=== Extracted data entries ===

------------------------------------

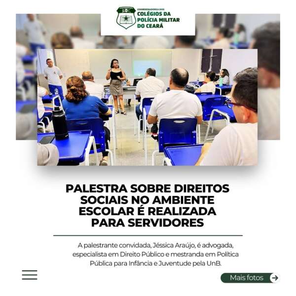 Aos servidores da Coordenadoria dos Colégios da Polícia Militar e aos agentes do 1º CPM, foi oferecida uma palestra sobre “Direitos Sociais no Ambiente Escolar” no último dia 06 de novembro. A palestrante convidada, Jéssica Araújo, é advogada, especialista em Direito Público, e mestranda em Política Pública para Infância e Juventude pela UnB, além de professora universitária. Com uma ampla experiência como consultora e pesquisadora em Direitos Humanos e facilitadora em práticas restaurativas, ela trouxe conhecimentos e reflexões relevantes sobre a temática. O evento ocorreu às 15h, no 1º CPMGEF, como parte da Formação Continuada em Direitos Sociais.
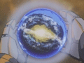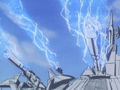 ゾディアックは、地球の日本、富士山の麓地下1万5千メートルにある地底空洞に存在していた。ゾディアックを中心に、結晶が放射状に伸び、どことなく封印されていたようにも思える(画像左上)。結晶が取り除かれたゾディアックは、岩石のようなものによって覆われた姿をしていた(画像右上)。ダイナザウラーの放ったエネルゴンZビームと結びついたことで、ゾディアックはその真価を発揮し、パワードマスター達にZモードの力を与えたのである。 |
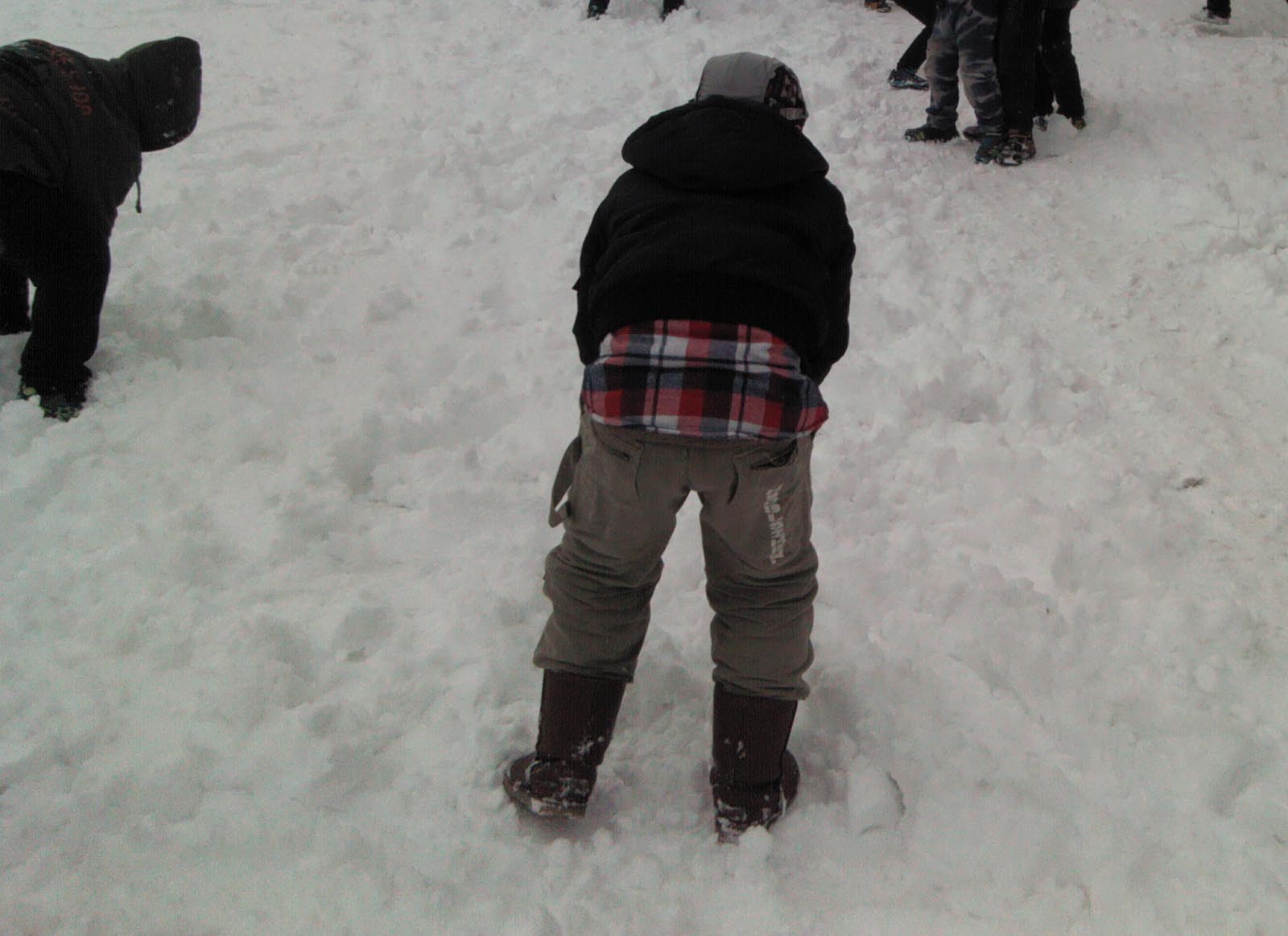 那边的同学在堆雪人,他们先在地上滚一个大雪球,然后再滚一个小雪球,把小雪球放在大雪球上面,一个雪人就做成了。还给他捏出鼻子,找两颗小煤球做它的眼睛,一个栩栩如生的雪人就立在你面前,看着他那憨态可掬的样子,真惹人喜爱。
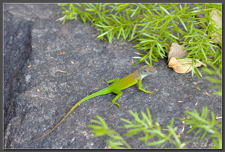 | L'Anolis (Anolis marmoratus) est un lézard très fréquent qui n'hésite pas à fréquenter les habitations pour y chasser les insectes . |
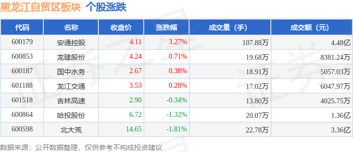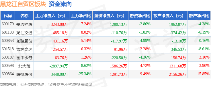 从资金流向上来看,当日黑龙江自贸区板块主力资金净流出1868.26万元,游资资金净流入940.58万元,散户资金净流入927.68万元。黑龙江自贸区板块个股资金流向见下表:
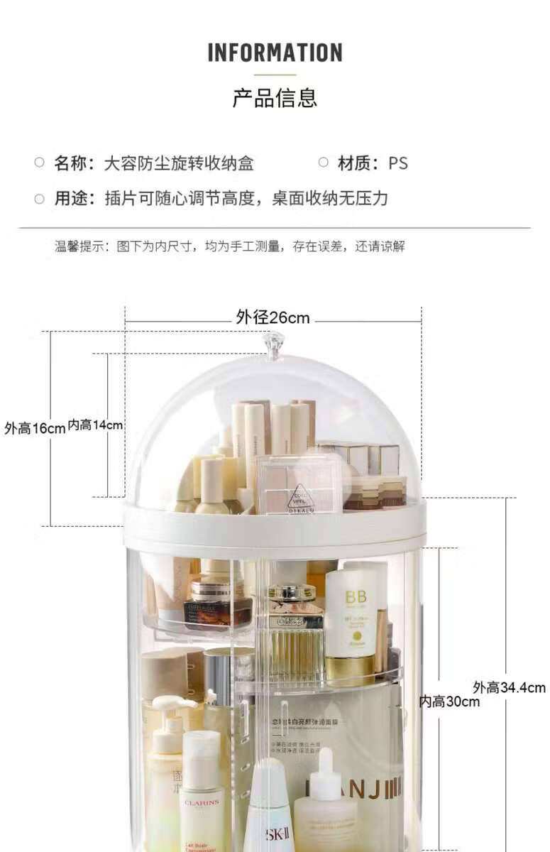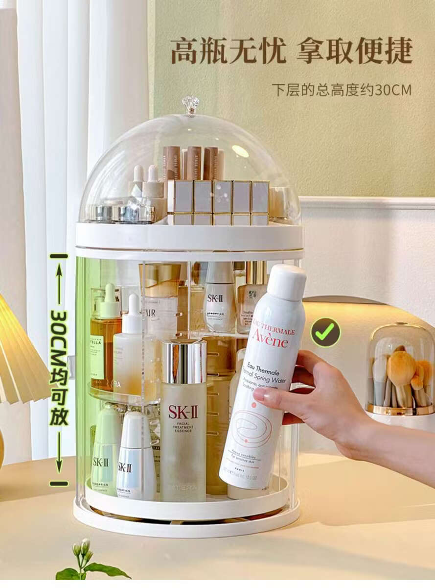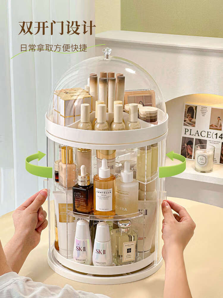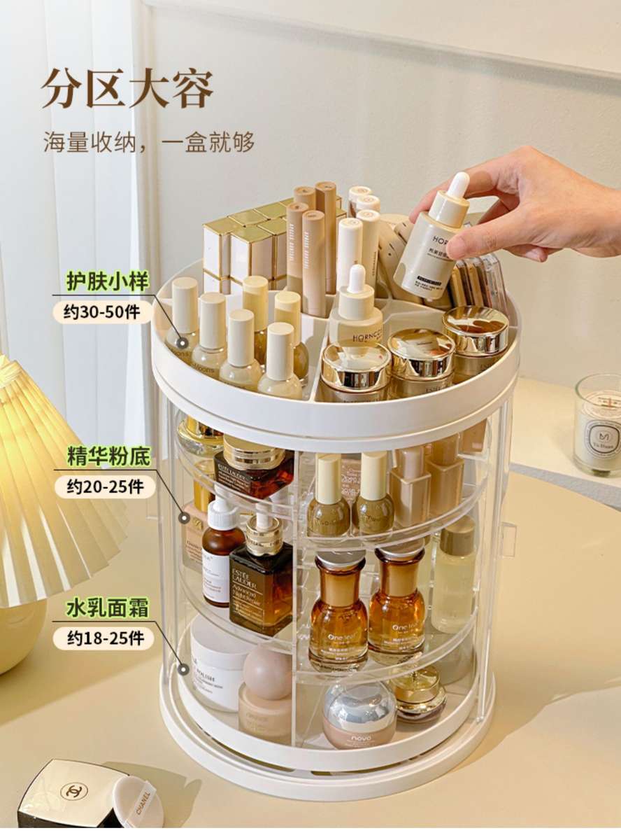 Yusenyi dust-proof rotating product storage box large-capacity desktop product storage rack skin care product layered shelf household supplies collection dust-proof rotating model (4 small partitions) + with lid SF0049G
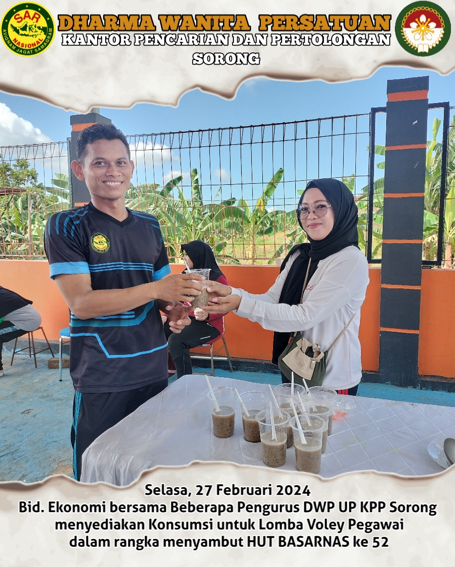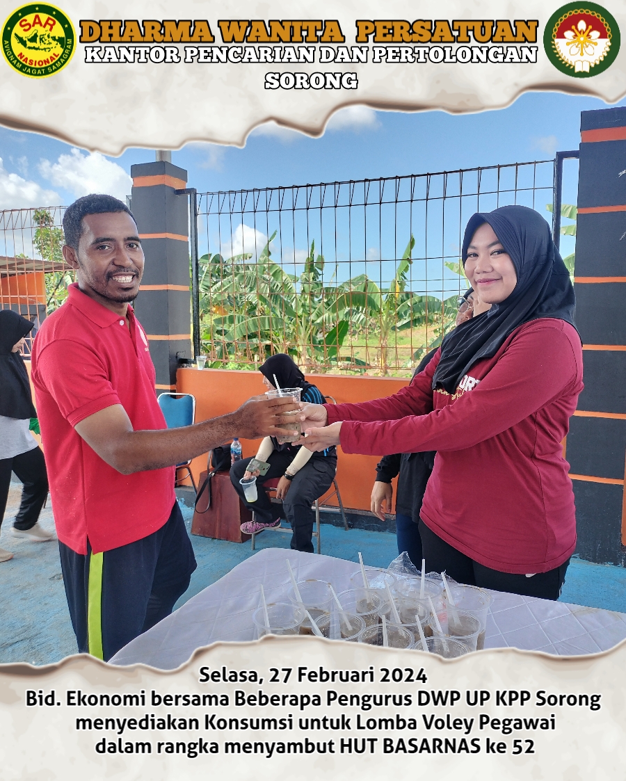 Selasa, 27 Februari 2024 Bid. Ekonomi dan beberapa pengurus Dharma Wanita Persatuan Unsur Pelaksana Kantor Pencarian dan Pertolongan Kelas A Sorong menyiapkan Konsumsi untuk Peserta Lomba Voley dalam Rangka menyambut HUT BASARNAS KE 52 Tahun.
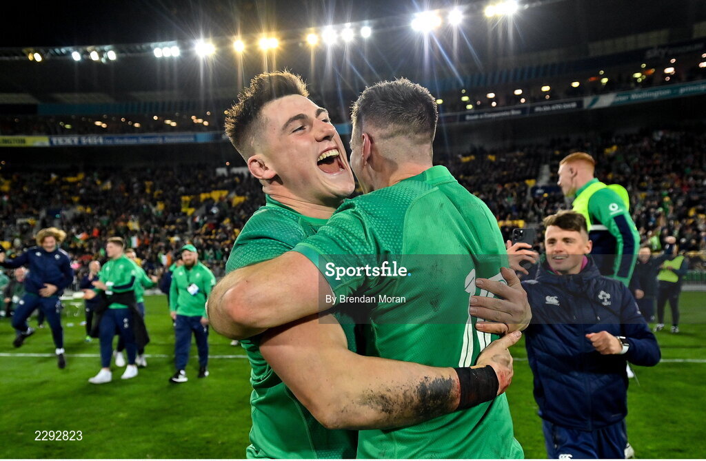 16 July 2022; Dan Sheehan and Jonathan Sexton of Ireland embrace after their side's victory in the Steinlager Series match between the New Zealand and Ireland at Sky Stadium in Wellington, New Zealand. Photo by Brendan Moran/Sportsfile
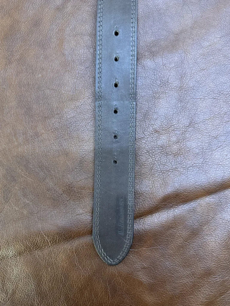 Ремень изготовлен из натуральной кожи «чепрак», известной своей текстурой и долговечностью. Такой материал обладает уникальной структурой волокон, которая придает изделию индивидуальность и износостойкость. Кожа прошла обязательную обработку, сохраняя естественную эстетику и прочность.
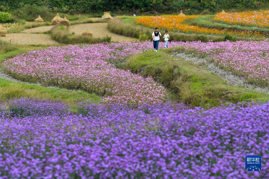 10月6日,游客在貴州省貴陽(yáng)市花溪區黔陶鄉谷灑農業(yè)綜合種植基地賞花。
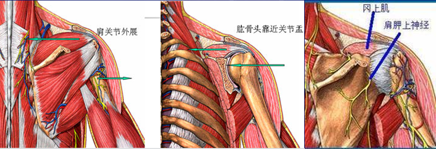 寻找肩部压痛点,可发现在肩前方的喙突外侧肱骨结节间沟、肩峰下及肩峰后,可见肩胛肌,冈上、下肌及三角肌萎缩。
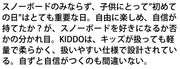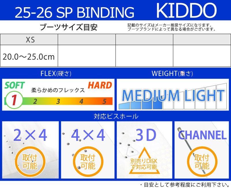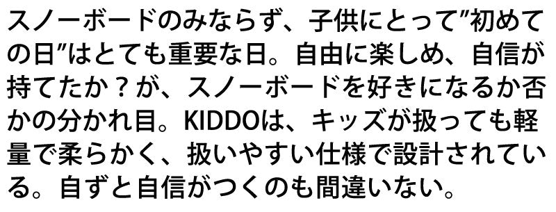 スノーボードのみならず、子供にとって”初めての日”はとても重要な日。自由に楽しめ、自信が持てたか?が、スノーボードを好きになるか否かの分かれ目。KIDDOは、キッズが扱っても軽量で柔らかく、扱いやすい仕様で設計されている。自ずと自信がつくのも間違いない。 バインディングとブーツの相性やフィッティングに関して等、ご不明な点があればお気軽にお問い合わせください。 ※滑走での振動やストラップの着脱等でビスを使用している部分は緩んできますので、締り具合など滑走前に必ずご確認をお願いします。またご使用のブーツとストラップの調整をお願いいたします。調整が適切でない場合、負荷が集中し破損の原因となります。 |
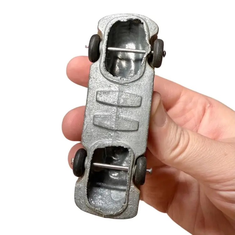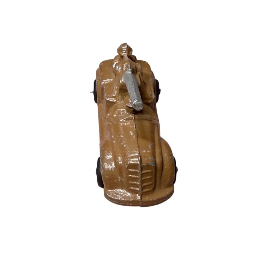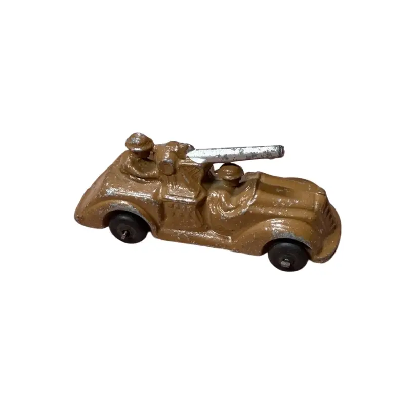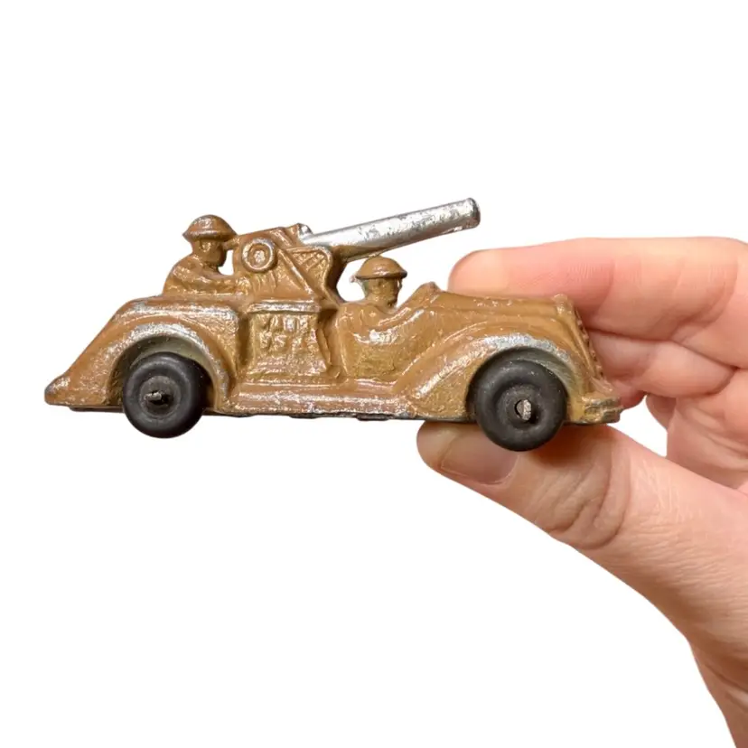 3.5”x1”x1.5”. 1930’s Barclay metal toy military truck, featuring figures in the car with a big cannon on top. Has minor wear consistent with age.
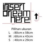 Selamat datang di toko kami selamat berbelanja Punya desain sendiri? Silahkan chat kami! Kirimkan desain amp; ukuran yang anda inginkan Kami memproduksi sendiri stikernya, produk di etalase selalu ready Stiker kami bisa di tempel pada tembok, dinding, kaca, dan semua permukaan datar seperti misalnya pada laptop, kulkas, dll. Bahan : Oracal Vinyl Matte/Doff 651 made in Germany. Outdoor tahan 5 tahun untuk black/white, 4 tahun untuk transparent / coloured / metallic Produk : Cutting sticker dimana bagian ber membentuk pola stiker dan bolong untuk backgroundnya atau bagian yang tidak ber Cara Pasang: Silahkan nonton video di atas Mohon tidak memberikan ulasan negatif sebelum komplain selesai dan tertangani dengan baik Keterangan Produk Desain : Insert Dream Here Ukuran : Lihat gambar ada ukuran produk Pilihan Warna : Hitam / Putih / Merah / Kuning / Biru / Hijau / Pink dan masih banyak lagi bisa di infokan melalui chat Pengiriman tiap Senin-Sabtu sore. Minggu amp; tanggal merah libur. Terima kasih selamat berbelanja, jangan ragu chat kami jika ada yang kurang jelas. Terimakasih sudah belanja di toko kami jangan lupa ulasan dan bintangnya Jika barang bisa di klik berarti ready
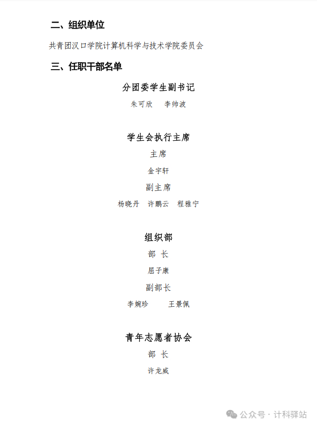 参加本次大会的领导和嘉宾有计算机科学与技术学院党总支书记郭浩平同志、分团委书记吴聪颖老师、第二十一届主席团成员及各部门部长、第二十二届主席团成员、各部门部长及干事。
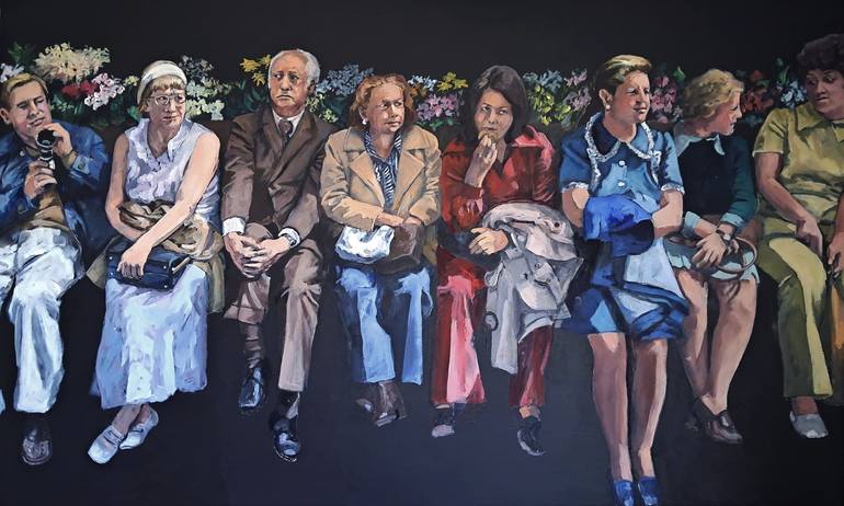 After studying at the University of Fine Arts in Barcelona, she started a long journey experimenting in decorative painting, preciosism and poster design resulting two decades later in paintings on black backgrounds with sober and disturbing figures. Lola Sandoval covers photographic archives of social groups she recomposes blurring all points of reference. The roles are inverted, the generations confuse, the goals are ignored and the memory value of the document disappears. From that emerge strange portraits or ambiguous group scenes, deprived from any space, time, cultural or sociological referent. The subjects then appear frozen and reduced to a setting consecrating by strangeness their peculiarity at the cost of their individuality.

------------------------------------

=== Assignment ===
Write down exactly what the lines above say, from the line holding "从资金流向上来看,当日黑龙江" through the line holding "consistent with age.", and nothing more. Do not copy the pictures.

=== Response to the exercise ===
 从资金流向上来看,当日黑龙江自贸区板块主力资金净流出1868.26万元,游资资金净流入940.58万元,散户资金净流入927.68万元。黑龙江自贸区板块个股资金流向见下表:
 Yusenyi dust-proof rotating product storage box large-capacity desktop product storage rack skin care product layered shelf household supplies collection dust-proof rotating model (4 small partitions) + with lid SF0049G
 Selasa, 27 Februari 2024 Bid. Ekonomi dan beberapa pengurus Dharma Wanita Persatuan Unsur Pelaksana Kantor Pencarian dan Pertolongan Kelas A Sorong menyiapkan Konsumsi untuk Peserta Lomba Voley dalam Rangka menyambut HUT BASARNAS KE 52 Tahun.
 16 July 2022; Dan Sheehan and Jonathan Sexton of Ireland embrace after their side's victory in the Steinlager Series match between the New Zealand and Ireland at Sky Stadium in Wellington, New Zealand. Photo by Brendan Moran/Sportsfile
 Ремень изготовлен из натуральной кожи «чепрак», известной своей текстурой и долговечностью. Такой материал обладает уникальной структурой волокон, которая придает изделию индивидуальность и износостойкость. Кожа прошла обязательную обработку, сохраняя естественную эстетику и прочность.
 10月6日,游客在貴州省貴陽(yáng)市花溪區黔陶鄉谷灑農業(yè)綜合種植基地賞花。
 寻找肩部压痛点,可发现在肩前方的喙突外侧肱骨结节间沟、肩峰下及肩峰后,可见肩胛肌,冈上、下肌及三角肌萎缩。
 スノーボードのみならず、子供にとって”初めての日”はとても重要な日。自由に楽しめ、自信が持てたか?が、スノーボードを好きになるか否かの分かれ目。KIDDOは、キッズが扱っても軽量で柔らかく、扱いやすい仕様で設計されている。自ずと自信がつくのも間違いない。 バインディングとブーツの相性やフィッティングに関して等、ご不明な点があればお気軽にお問い合わせください。 ※滑走での振動やストラップの着脱等でビスを使用している部分は緩んできますので、締り具合など滑走前に必ずご確認をお願いします。またご使用のブーツとストラップの調整をお願いいたします。調整が適切でない場合、負荷が集中し破損の原因となります。 |
 3.5”x1”x1.5”. 1930’s Barclay metal toy military truck, featuring figures in the car with a big cannon on top. Has minor wear consistent with age.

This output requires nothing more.